The Widow Dickie nodded. “The thing is, milady, I don’t think Reuben told his lordship that was the second time he’d seen her that mornin’.”
Hero found her attention well and truly caught. “It was?”
The old woman shifted uncomfortably in her chair, not quite willing to meet Hero’s gaze. “I don’t like to be carryin’ tales, ’specially not about a man of God, but . . .”
“Yes?”
The Widow Dickie gripped the arms of her chair with gnarled, work-worn hands. “The Reverend’s got this cousin, ye see. Rachel Timms is her name. She’s a widow, she is. Her husband, he was kilt in the war some years back. The vicar, he’s got this little cottage tucked into the side of the hill, just above the churchyard; Hill Cottage, it’s called. The old sexton used to live there, but Nash, he’s got his own cottage, so he don’t need it. So when Mrs. Timms’s husband was kilt and she had no place to go, the Reverend, he let her come and live at Hill Cottage.”
“That was very kind of him,” said Hero, not quite certain where any of this was going.
“He did the same for another cousin of his. Maybe eight years ago, it was. Rose Blount was her name.” Reuben’s mother chewed on her lower lip. “Only, she died after a few years.”
Hero studied the older woman’s age-lined, troubled face. “Mrs. Dickie, what are you trying to tell me?”

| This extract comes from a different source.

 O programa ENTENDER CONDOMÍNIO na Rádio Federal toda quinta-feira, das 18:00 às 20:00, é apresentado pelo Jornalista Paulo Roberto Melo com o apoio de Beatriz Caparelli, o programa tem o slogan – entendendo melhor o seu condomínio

The old woman met her gaze squarely. “Rose Blount died in childbirth, milady—her and the babe both. She never told nobody who her baby’s father was. But, thing is, from the first week the vicar brought her here, my Reuben, he was telling me how he’d see the vicar sneakin’ over there to her cottage in the middle of the night when there weren’t nobody else around. And
then, after she died, why, the vicar, he didn’t let more’n a few months go past afore he’s got his cousin Rachel livin’ in that cottage, and Reuben tells me the vicar is visitin’ her at night too.”
Hero felt her stomach tilt with revulsion. “Are these women actually his cousins, do you think?”

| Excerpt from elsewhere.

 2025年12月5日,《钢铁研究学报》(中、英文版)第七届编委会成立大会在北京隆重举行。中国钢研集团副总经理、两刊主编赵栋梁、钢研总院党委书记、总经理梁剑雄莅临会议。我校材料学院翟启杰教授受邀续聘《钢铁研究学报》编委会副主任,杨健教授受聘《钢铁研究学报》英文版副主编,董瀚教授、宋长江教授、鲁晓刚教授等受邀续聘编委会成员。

“Oh, yes, milady. I truly believe they are. Everybody thinks he’s such a fine, generous man, lettin’ ’em live in Hill Cottage fer free. But there ain’t nothin’ kind or generous about it, and he ain’t lettin’ ’em live there for free, if you get me drift?”

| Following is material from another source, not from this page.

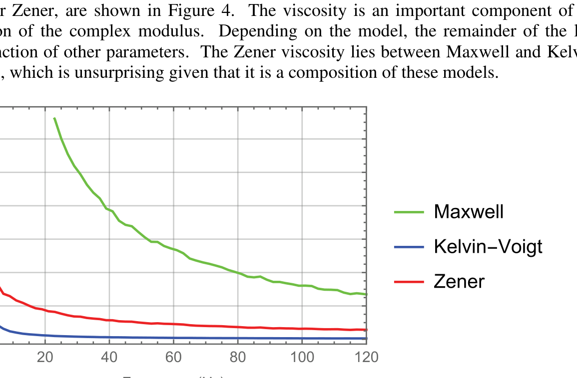 A A A Predicting the behavior of commercially available building foundation isolation materials using a four-parameter fractional Zener model. Colin Bradley 1 Faiz Musafere 2 Josh Havin 3 Matthew Golden 4 Pliteq, Inc. 131 Royal Group Crescent Vaughan, ON, Canada, L4H 1X9 ABSTRACT In this paper we apply a four-parameter fractional Zener model to describe the short- and long-term creep behavior of a viscoelastic recycled-rebonded-crumb-rubber isolating material in noise and vibration mitigation applications. Building from the classical rheological models composed of springs and dashpots suitably combined (Maxwell, Kelvin-Voight, Zener), we include a fractional derivative component in the form of a Scott-Blair element composed of a Caputo derivative of non- integer order. The parameters for each model are identified empirically through measured stress- strain results and hysteresis curves for the material in compression. The models are then compared to the results of a 168h constant load creep test of a commercially available material. 1. INTRODUCTION As a means of vibration isolation, viscoelastic materials are an attractive choice due to their wide range of mechanical properties and ease of implementation. A detailed understanding of the dynamic behavior of the material is necessary for these parameter-sensitive applications. Viscoelastic materials, by definition, have material properties that are dependent on the applied frequency, static load, dynamic load, and dynamic amplitude, thereby requiring a complex modulus parameter. Here we explore the fundamental behavior of a commercially available recycled-rebonded- crumb-rubber isolation material using Dynamic Mechanical Analysis (DMA) at low to mid frequency ranges in the context of foundation isolation and rail infrastructure. The classic Maxwell, Kelvin- Voigt, and Zener rheological models are considered first and then extended to include a fractional derivative parameter. Using the DMA results, measured based on the procedure and principles of the 1 cbradley@pliteq.com 2 fmusafere@pliteq.com 3 jhavin@pliteq.com 4 mgolden@pliteq.com standard for measurement of viscoelastic properties, DIN 53513 [1], each model’s parameters are determined and compared to actual dynamic performance and long-term creep. 2. RHEOLOGICAL MODELS FOR VISCOELASTIC MATERIALS A basic assumption of viscoelasticity is the dependence of stress on strain history in addition to the instantaneous strain of the material. A relaxation function, 𝑒(𝑡) , convoluted over the strain history, 𝜖(𝑡) , of the material captures this assumption and lends it viscoelastic properties, as displayed in Equation 1. 𝜎(𝑡) = ∫𝜖(𝑡−𝜏)𝑒(𝜏)𝑑𝜏 𝑡 0 (1) A Laplace transform of the convolution leads to a complex modulus dependent on frequency, Equation 2. 𝜎(𝑠) = 𝐸 ∗ (𝑠)𝜖(𝑠) = (𝐸 ′ (𝑠) + 𝑖𝐸 ′′ (𝑠))𝜖(𝑠) (2) Where the complex modulus 𝐸 ∗ is composed of a storage (elastic) modulus 𝐸′ dominated by elastic forces and a loss modulus 𝐸′′ where viscous forces dominate. Using this methodology, viscoelastic problems can be solved as elastic problems. This is known as the elastic/viscoelastic equivalence principle.[2] The component moduli act out of phase with one another, denoted using the imaginary unit ( 𝑖 2 = −1 ). The loss modulus is not to be confused with the loss factor, which is defined as the ratio of the loss modulus to the storage modulus, as it is related to energy dissipation within the material. The value of the dynamic modulus 𝐸 𝑑𝑦𝑛 (𝜎, 𝜔) is simply the magnitude of the complex modulus. In this study, the material we are testing is a complex composite of recycled-rebonded-crumb- rubber with both microscopic and macroscopic structure, each contributing to the viscoelastic behavior of the bulk material. Chemically, rubber is composed of relatively regular long-carbon chains of monomers such as isoprene (natural rubber), or styrene-butadiene, chloroprene etc. based on petroleum production processes (synthetic rubber). These long-chain polymers are then vulcanized with the addition of sulfur and heat allowing relatively strong connections to establish between chains of polymers, increasing the overall strength, toughness, environmental resistances, and elasticity. [3] The vibration isolation materials tested here are composed of thoroughly sorted rubber particles obtained from grinding tires. The particle size distribution is crucial when recombining the rubber into a bulk material, factors such as the degree of packing, density, particle-particle contact area all affect the overall properties of the rebonded-rubber and can be tuned to the desired values with careful engineering. [4] The macroscopic structure of the vibration isolation product can be adjusted in different ways to allow for an additional parameter depending on the required performance. By introducing geometry to control the contact surface area, for example, the load experienced by the material can be adjusted locally to optimize the materials performance. While advantageous to have access to these parameters when engineering a material, it is a complex system to model in its entirety. Simplifying assumptions regarding the behavior of the system are necessary when considering the viscoelastic behavior of the material. We start by considering the classical Maxwell, Kelvin-Voigt, and Linear Zener models in Figure 1. Maxwell Kelvin-Voigt Linear Zener 𝜂 1 𝐸 1 𝜎̇ = 𝜂 1 𝜖̇ (3) 𝜎= 𝐸 1 𝜖+ 𝜂 1 𝜖̇ (4) 𝜎+ 𝜂 1 ( 𝐸 1 +𝐸 2 ) 𝜂 1 𝐸 1 𝜎̇ = 𝐸 2 𝜖+ 𝜎+ 𝐸 1 𝜖̇ (5) Figure 1: Schematic and governing equations for several rheological models. Through dynamic mechanical analysis according to DIN 53513, “Determination of Viscoelastic Properties of Elastomers”, we measure the complex modulus and loss factor directly through a procedure involving a frequen

“Do you think his wife knows what he does?”
The Widow Dickie snorted. “How could she help but know? You ask me, she don’t mind the way things are one bit, so long as it keeps him outa her bed.”
“How many people in town know about this?”
“As to that, I can’t say. There may be some as suspects it. But ain’t nobody gonna talk about it—him bein’ the vicar ’n’ all. I’ve argued with meself for days, thinkin’ maybe I should tell somebody what me Reuben seen. And now me boy’s dead, and I can’t help but wonder if . . .” She swallowed. “Maybe if I’d spoke up sooner, Reuben would still be alive.”
“I don’t exactly understand what this has to do with the death of Emma Chandler,” said Hero.
“But that’s just it, milady. The churchyard is the first place Reuben told me he seen the pretty lady early that morning, even before the sun come up. She’d walked up the hill from the Blue Boar and was standin’ by the lych-gate when the Reverend left Rachel Timms’s cottage.”
“Did Reverend Underwood see her?”
“How could he help but? I mean, it ain’t like she was tryin’ to hide. He walked right by her. Reuben said the Reverend mumbled somethin’ about a sick parishioner. So he seen her, all right.”
“Did he see Reuben?”
“I don’t rightly know.”
Hero watched Becka Dickie pluck at her skirts again. The woman hadn’t come right out and said she suspected Benedict Underwood of having killed both her son and Emma Chandler. But the implications were obvious.